Masa libur setelah selesai sekolah dan menunggu kuliah masuk lumayan lama. Aku gunakan waktu libur itu untuk mempersiapkan diri sebagai bekal kuliah nanti salah satunya menghilangkan sedikit rasa malu untuk berbicara di depan orang yang belum aku kenal.
Kadang aku merasa capek belajar di pendidikan formal terus dari mulai TK, SD, SMP, SMA dan sekarang siap melanjutkan di Kuliah dan itu memakan waktu 4-5 tahun dan pasti gak jauh dari buku. Aku sadar, ketika kita menginginkan sesuatu yang terpenting itu prosesnya dan butuh waktu lama untuk menjalani prosesnya itu.
Di waktu yang kosong aku biasa bermain di warung, nama warungnya Warung Babeh. Warung Babeh adalah tempat anak-anak SMA nongkrong, tempatnya di depan SMA PGRI Palimanan. Ya itu nama sekolah waktu aku SMA jadi aku sudah terbias main di warung itu. Untuk melepas sepi, cari teman, liat cewek dan liat orang pacaran disanalah tempatnya dan aku mereasa miris karena aku gak punya pacar.
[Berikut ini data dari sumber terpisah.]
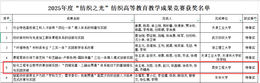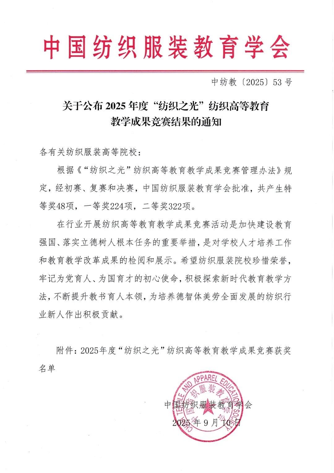 近日,中国纺织服装教育学会发布《关于公布 2025 年度 “纺织之光” 纺织高等公司产品成果竞赛结果的通知》(中纺教〔2025〕53 号)。2026年国际足联世界杯获教学成果特等奖1项、二等奖2项。其中,由尚玉栋等老师完成的《轻化工程专业教学改革创新实践:“四维筑基・三融合贯通”体系驱动下的基础强化与实践突破》获教学成果特等奖;由高婵娟等老师完成的《“虚仿结合,课赛互连”纺织工程员工工程设计能力培养实验平台的构建与应用》、由董子靖等老师完成的《因材施教,纺织类“跨专业”研究生“五维一体”复合型人才培养模式》获教学成果二等奖。

Hari itu aku bertemu dengan Yogi. Kita sekarang main di warung Babeh sudah tak memakai pakaian seragam lagi.
“Wiiih” ucap Yogi “loe keliatannya gede Rif pake pakaian biasa mah”
Aku memang kecil dan kurus jadi kalau pake pakaian SMA, kayak anak SD pake baju SMA.
“Iya” jawabku datar.
Hening sesaat dan Yogi orangnya yang sok asik, dia langsung memberitahukan masalah kuliahnya padahal aku tak bertanya.
“Gue kuliah di Unswagati brow, ambilnya pendidikan ekonomi”
“iya” jawabku “Sama gue juga di sana”
“Berarti kita bakal bareng lagi brow”
“Iya semoga” jawabku tak peduli.
Hari untuk berangkat kuliah dan itu berarti aku akan menjadi mahasiswa sudah semakin dekat, aku semakin setres memikirkannya ditambah lagi hari itu aku berangkat ke kampus untuk daftar Mabim dan aku tambah setres karena bentar lagi akan diadakan ospek untuk mahasiswa baru.
Aku berangkat ke kampus untuk daftar Mabim naik motor Honda Grand tahun 97, dengan helmt yang tidak berkaca serta seher mesin yang sudah harus di ganti (namun belum diganti) yang mengakibatkan kenalpot motor menjadi berasap sehingga setiap jalan udah kayak orang jualan sate naik motor namun asapnya membuat perut mual.
Sesampainya di kampus terdapat beberapa mahasiswa yang sedang daftar Mabim juga, banyak mahasiswa yang berlalu lalang, banyak motor dan mobil berjejer rapih di parkiran dan ketika ku lihat motorku sangat miris sekali kayaknya aku salah nyimpen motor harusnya ku simpan di tempat loakan (Orang jual barang bekas).
“Namanya siapa ?” Tanya orang di stand pendaftaran Mabim.
“Derif Rys Gumilar”. Jawabku datar.
“Jurusan apa ?”
“FKIP Bahasa dan Sastra Indonesia”.
Orang itu lalu mendata kemudian memberikan kertas putih yang dibalut dalam amplop berwarna coklat.
“Ya udah” kata orang yang aku gak tau namanya “Nanti hari senin berangkat pakai baju hitam putih bawa persyaratannya seperti yang ada di kertas itu”
“Iya” Jawabku sok cool, biar kayak mahasiswa beneran padahal aku menahan malu.
Selesai daftar Mabim aku duduk di tangga kampus. Aku duduk berharap seperti di sinetron-sinetron Indonesia yang pernah aku lihat dimana ada cowok lagi duduk dan tiba-tiba ada segrombolan cewek-cewek alay menyapanya dan aku ingin seperti itu namun setelah kurang lebih satu jam aku duduk dan tetap tidak ada cewek bahkan cowok pun tidak ada yang menghampiriku, ironis memang.
Aku pulang dari kampus. Sesampainya di rumah, aku mempersiapkan persyaratan-persyaratan untuk ospek.
“Bu” Tanyaku dengan muka sok sibuk “ada baju putih kan ?”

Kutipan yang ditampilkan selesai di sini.